It’s a difficult time in the COVID-19 pandemic for people with cancer. As much of society returns to normal, there have been conflicting messages about how much cancer patients are at risk, how well vaccines work for them and how they can best protect themselves.

Research over the past two years has shown that people with cancer are at greater risk for COVID complications, but this risk is not evenly distributed.
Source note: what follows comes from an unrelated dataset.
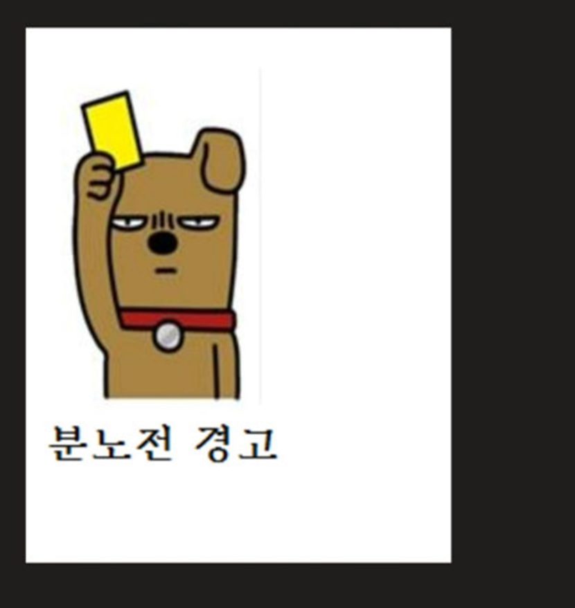 공개된 사진에는 화가 난 표정의 강아지 캐릭터가 옐로우 카드를 들고 있다. 사진에는 ‘분노전 경고’라는 문구도 적혀 있다.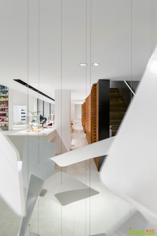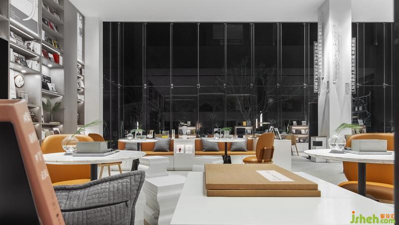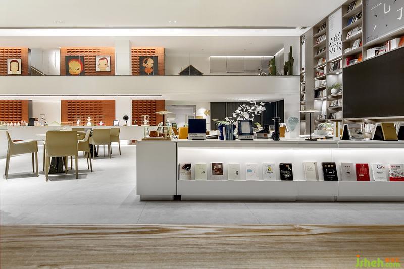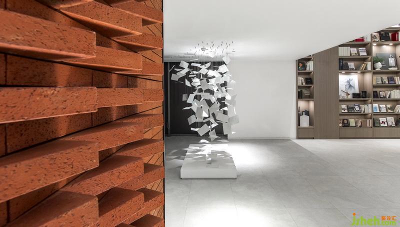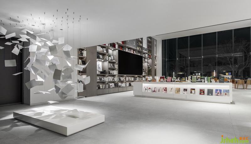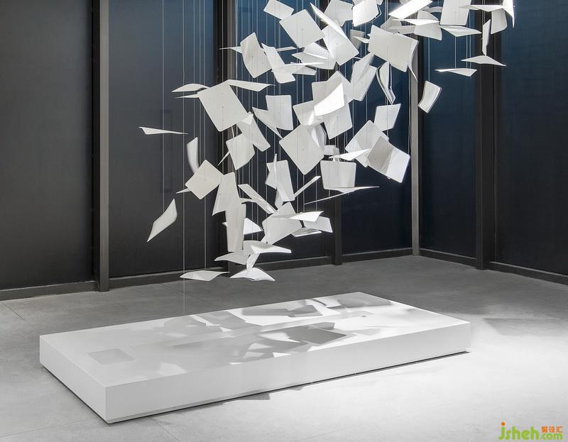 室內(nèi)設(shè)計(jì)師試圖打破銷售中心商業(yè)化設(shè)計(jì)的桎梏模式,以人文為基底,尋覓藝術(shù)的美妙。書墻一旁的書頁藝術(shù)裝置自天花垂吊而下,宛如空中飛舞的白鴿,這是獻(xiàn)給獻(xiàn)給愛書者的禮物:人類書寫著情感、時(shí)間與死亡,而書籍使這一切永不終結(jié),永遠(yuǎn)指導(dǎo)著方向。

People with certain blood cancers and those receiving immune-suppressing treatment are most prone to severe illness and inadequate vaccine protection.

Most people with solid tumors respond well to COVID vaccines, but those with blood cancers may not fare as well. This is also the case for people who use medications that damage antibody-producing B cells and those who receive stem cell transplants or CAR-T therapy that temporarily wipes out the immune system.

Sometimes, more shots can help. Studies have shown that many cancer patients who receive additional vaccine doses can produce more antibodies.

Experts now say that the initial vaccine series for immunocompromised people, including those undergoing cancer treatment, should be three doses of the Pfizer-BioNTech or Moderna vaccine. Last fall, the Centers for Disease Control and Prevention (CDC) recommended a booster—meaning a fourth dose after the initial series—for immunocompromised people. In March, the CDC added a second booster—a fifth shot—for this group.

But antibodies don’t tell the whole story: T cells also play a role and can help prevent severe illness. An experimental vaccine dubbed CoVac-1, designed to induce broad and long-lasting T-cell immunity, may offer greater protection for immunocompromised people with impaired B-cell function.

Unfortunately, some people still are not fully protected even after multiple vaccine doses. For them, post-exposure prophylaxis (PEP) and pre-exposure prophylaxis (PrEP) using monoclonal antibodies could offer a lifeline. Monoclonal antibodies are manufactured proteins that mimic the activity of antibodies that the immune system is unable to produce on its own.

The Food and Drug Administration (FDA) has authorized Evusheld, a combination of two antibodies (tixagevimab plus cilgavimab) administered every six months prior to exposure, to prevent COVID in immunocompromised people. A single dose of Evusheld reduces the risk of symptomatic disease by about 80%. Other monoclonal antibodies are used to prevent COVID after close contact with someone who has the coronavirus.

For people who have already contracted the virus, antiviral treatment is the next line of defense. In December, the FDA authorized Paxlovid (nirmatrelvir plus ritonavir) and molnupiravir (Lagevrio) for people at high risk of progressing to severe COVID. Both pills must be taken within five days of symptom onset. Paxlovid reduces the risk of hospitalization or death by nearly 90%, while molnupiravir reduces the risk by about 30%.

Monoclonal antibodies and antivirals are now widely available, but they can still be hard to obtain. Ask your doctor whether you could benefit from Evusheld for COVID prevention and develop a plan for how to get antivirals if you need them. Ask your household members and caregivers to stay up to date with their vaccines. And remember that a well-fitted N95 mask can protect you even if others aren’t wearing them.